**Source material**
══════════════════════════════
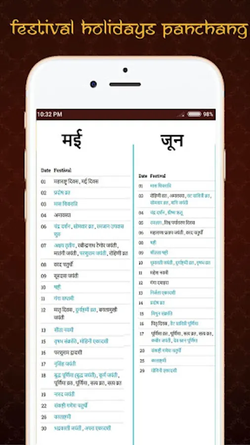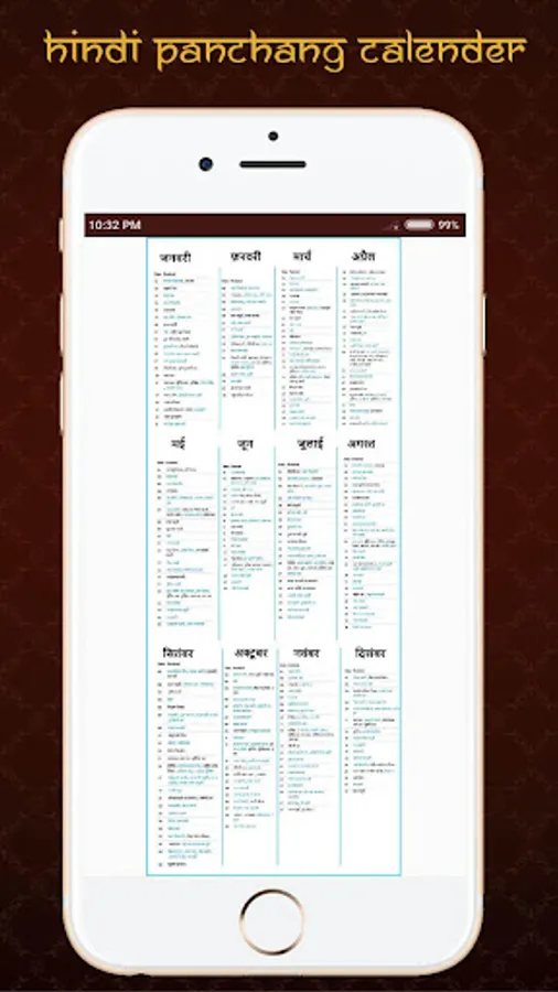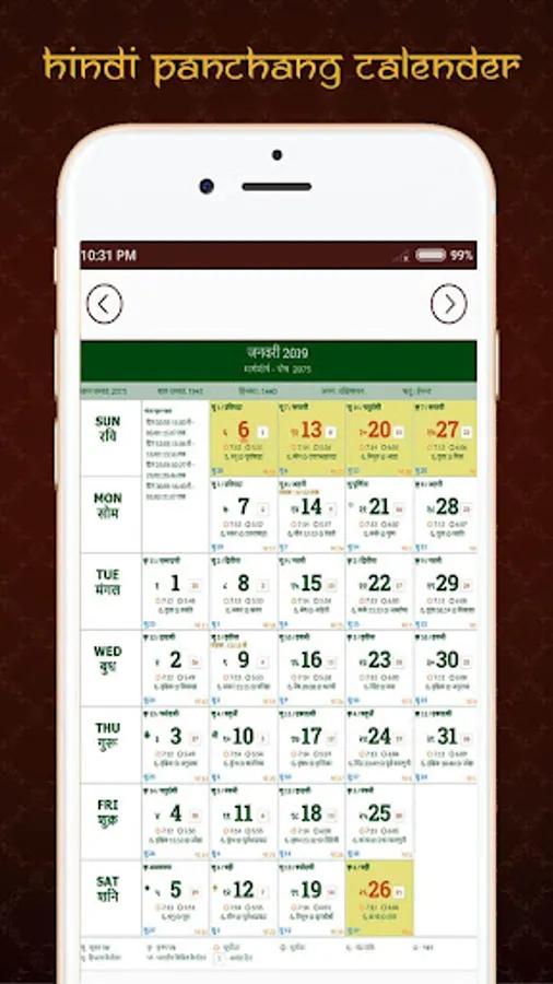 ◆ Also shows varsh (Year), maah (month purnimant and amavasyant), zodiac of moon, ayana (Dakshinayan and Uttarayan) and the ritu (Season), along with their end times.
══════════════════════════════
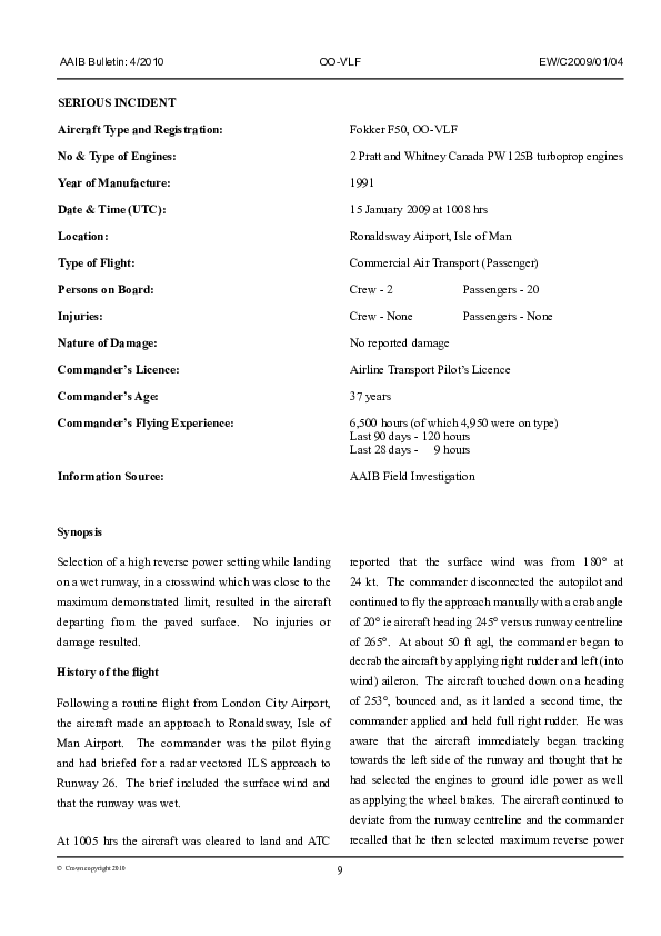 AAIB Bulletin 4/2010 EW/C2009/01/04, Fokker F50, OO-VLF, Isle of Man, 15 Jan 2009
══════════════════════════════
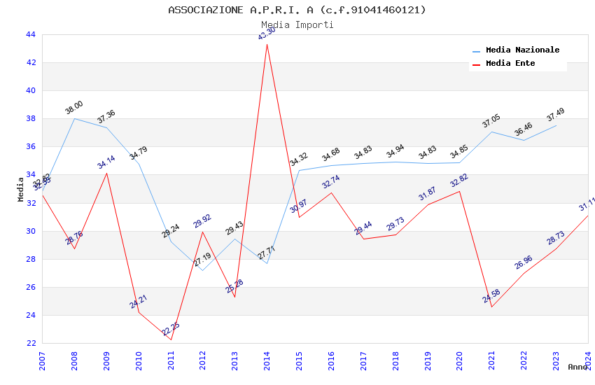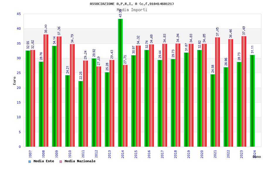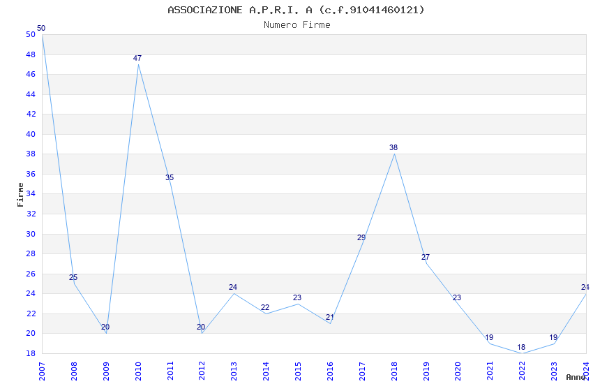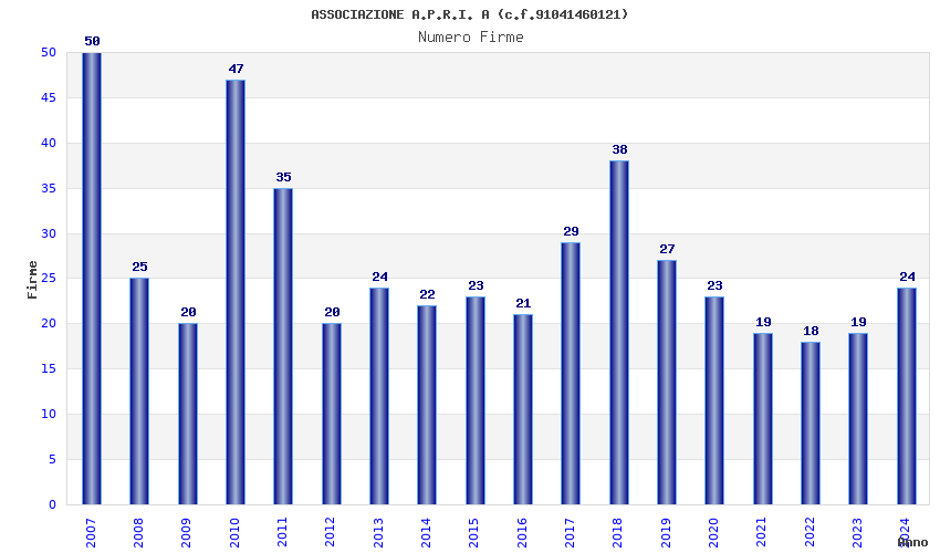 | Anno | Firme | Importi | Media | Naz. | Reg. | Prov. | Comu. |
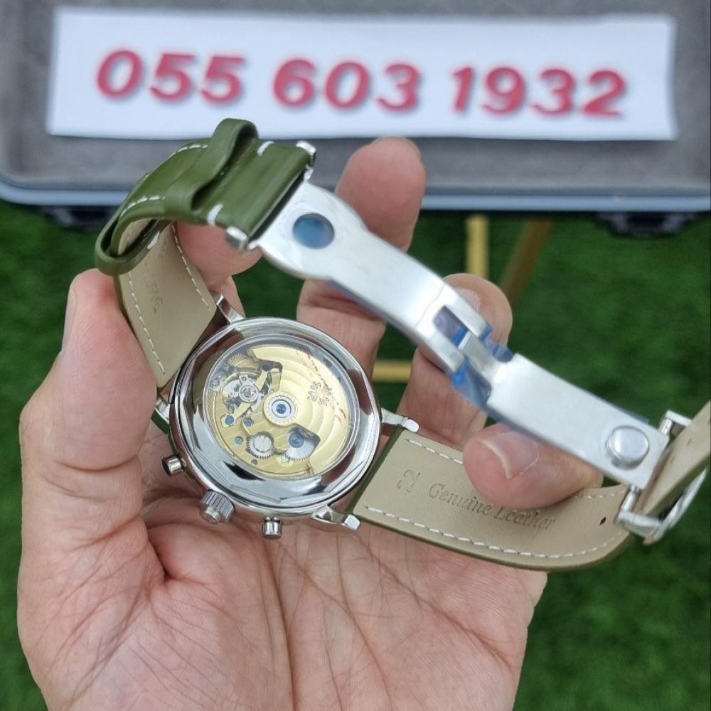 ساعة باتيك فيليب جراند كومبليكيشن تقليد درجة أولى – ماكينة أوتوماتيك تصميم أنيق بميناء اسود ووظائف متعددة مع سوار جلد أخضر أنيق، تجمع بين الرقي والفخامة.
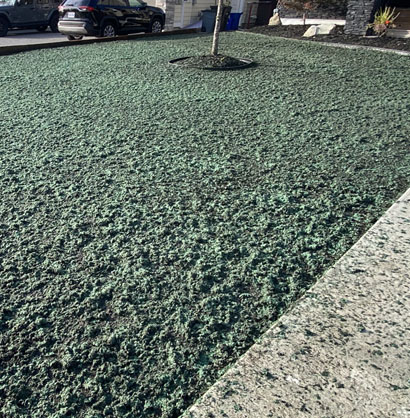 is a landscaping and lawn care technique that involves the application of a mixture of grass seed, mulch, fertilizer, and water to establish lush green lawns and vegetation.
══════════════════════════════
A word-for-word reproduction is needed of the lines above from the line containing "Prov. | Comu. |" through the line containing "is a landscaping", with both ends kept and no pictures.

 | Anno | Firme | Importi | Media | Naz. | Reg. | Prov. | Comu. |
 ساعة باتيك فيليب جراند كومبليكيشن تقليد درجة أولى – ماكينة أوتوماتيك تصميم أنيق بميناء اسود ووظائف متعددة مع سوار جلد أخضر أنيق، تجمع بين الرقي والفخامة.
 is a landscaping and lawn care technique that involves the application of a mixture of grass seed, mulch, fertilizer, and water to establish lush green lawns and vegetation.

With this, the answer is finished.